*Data to examine*.
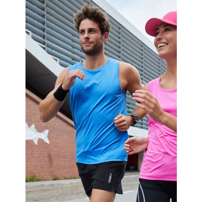 100% poliestere, 150 g/m2. Canottiera funzionale per lo sport e il tempo libero in single jersey, colletto e giromanica con bordino. Traspirante, con regolazione dell'umidità, ad asciugatura rapida.
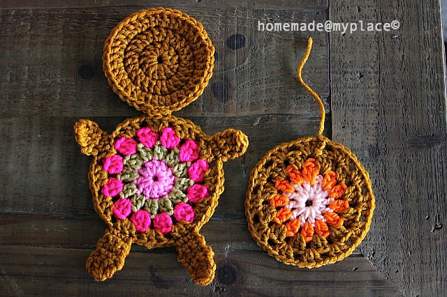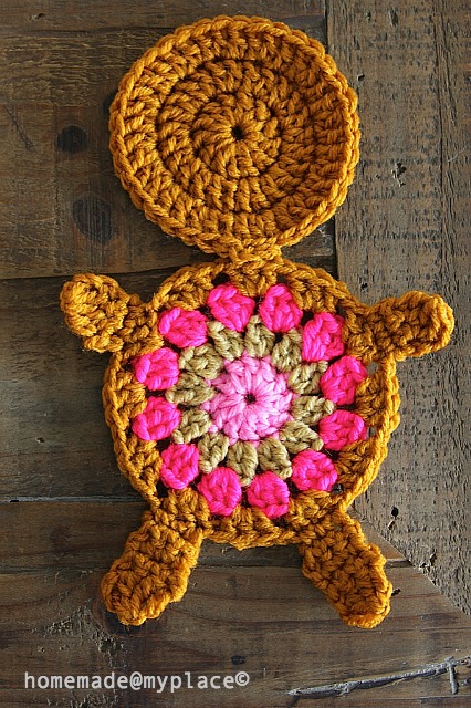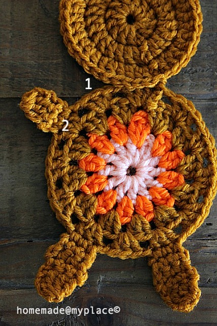 The legs will be crocheted in shells 5 and 7, while arms (see later) will be crocheted in shells 2 and 10.
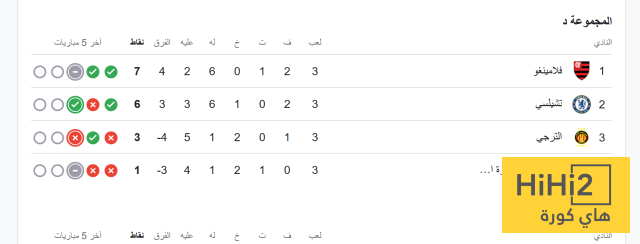 فيما يلي ترتيب المجموعة بعد نهاية دور المجموعات:
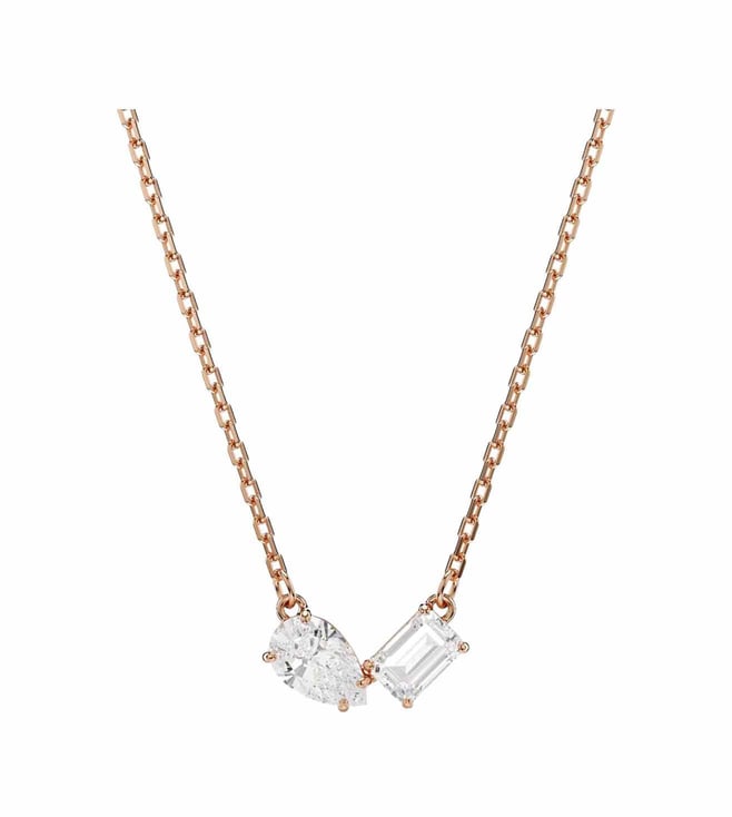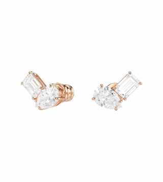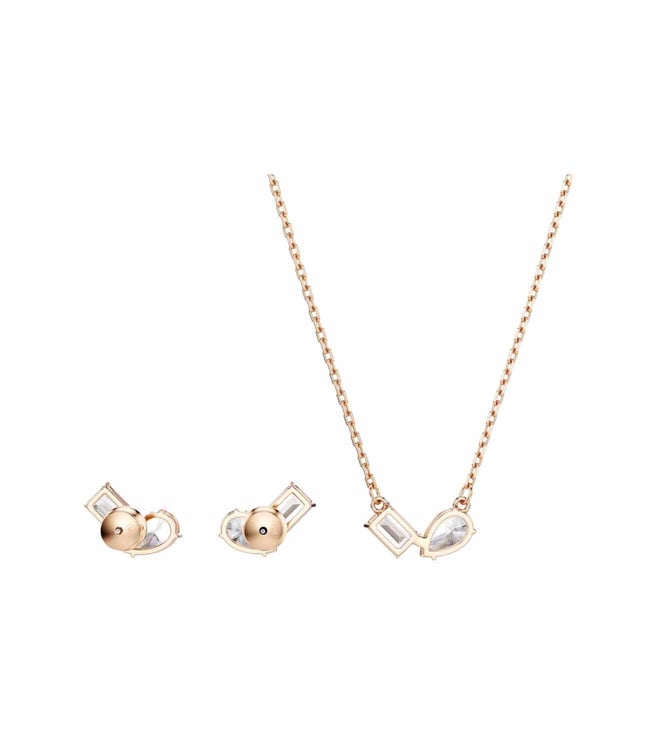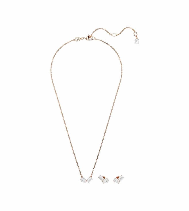 Create a look of overall elegance with this matching mesmera pendant and earrings set. The eye catching pieces are rose gold tone plated and each feature a pair of prong set swarovski zirconia in pear and octagon step cuts. Simple yet refined, this set makes a perfect gift for any special occasion.
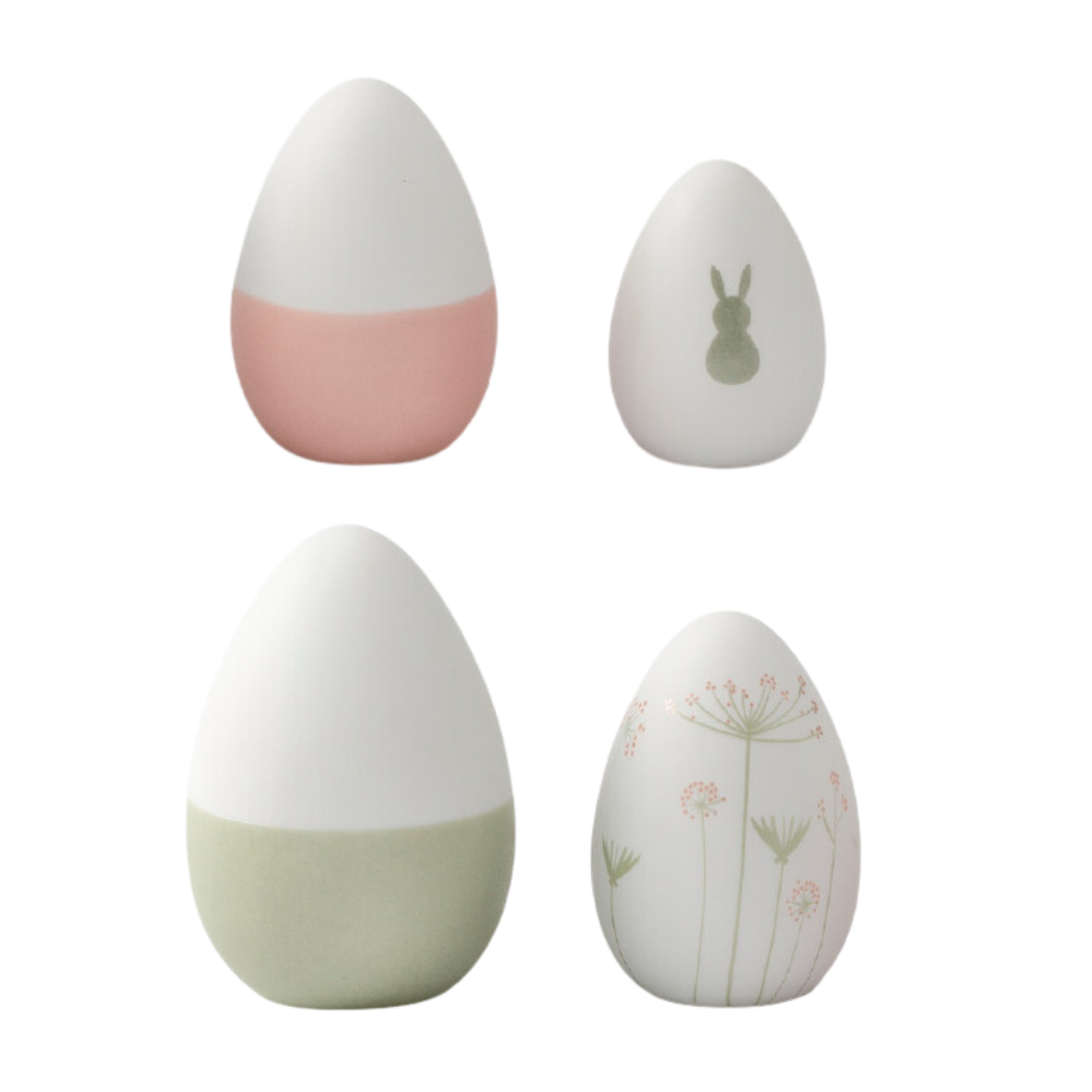 Egal ob auf dem Tisch, dem Sideboard oder der Fensterbank, das Ostereier 4er-Set von Räder sorgt mit seinen dezenten Farben Grün und Apricot für das richtige Maß an Frühlingsstimmung. Die dekorativen Eier bestehen aus Porzellan und haben einen Durchmesser von 3,5 bis 6 cm und eine Höhe von 5 bis 9 cm. Lasse Dich inspirieren und entdecke die schönen Osterprodukte von Räder hier in unserem Shop.
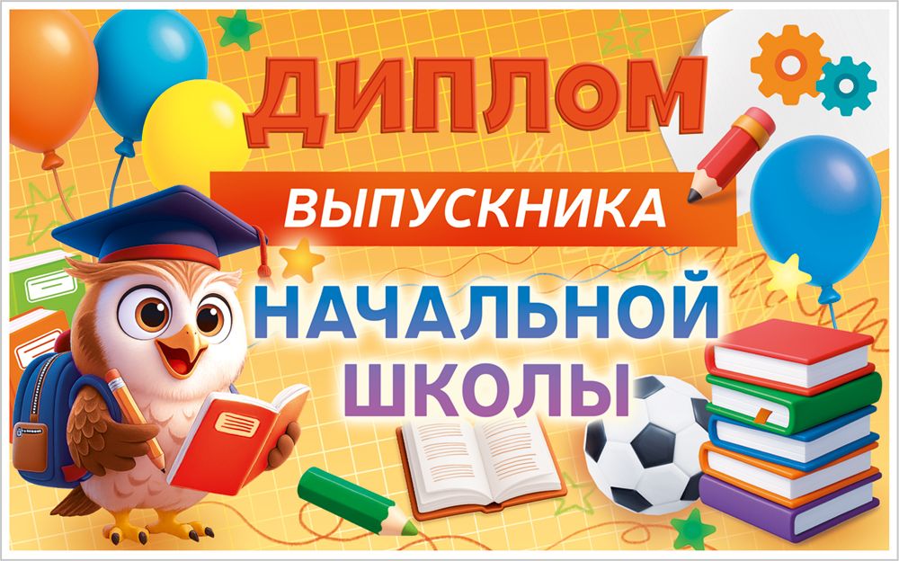 Диплом выпускника начальной школы с анкетой (сова, школьные предметы)

*Task instructions*.
What is needed is every entry written out word for word, with no pictures.

*Output for this task*.
 100% poliestere, 150 g/m2. Canottiera funzionale per lo sport e il tempo libero in single jersey, colletto e giromanica con bordino. Traspirante, con regolazione dell'umidità, ad asciugatura rapida.
 The legs will be crocheted in shells 5 and 7, while arms (see later) will be crocheted in shells 2 and 10.
 فيما يلي ترتيب المجموعة بعد نهاية دور المجموعات:
 Create a look of overall elegance with this matching mesmera pendant and earrings set. The eye catching pieces are rose gold tone plated and each feature a pair of prong set swarovski zirconia in pear and octagon step cuts. Simple yet refined, this set makes a perfect gift for any special occasion.
 Egal ob auf dem Tisch, dem Sideboard oder der Fensterbank, das Ostereier 4er-Set von Räder sorgt mit seinen dezenten Farben Grün und Apricot für das richtige Maß an Frühlingsstimmung. Die dekorativen Eier bestehen aus Porzellan und haben einen Durchmesser von 3,5 bis 6 cm und eine Höhe von 5 bis 9 cm. Lasse Dich inspirieren und entdecke die schönen Osterprodukte von Räder hier in unserem Shop.
 Диплом выпускника начальной школы с анкетой (сова, школьные предметы)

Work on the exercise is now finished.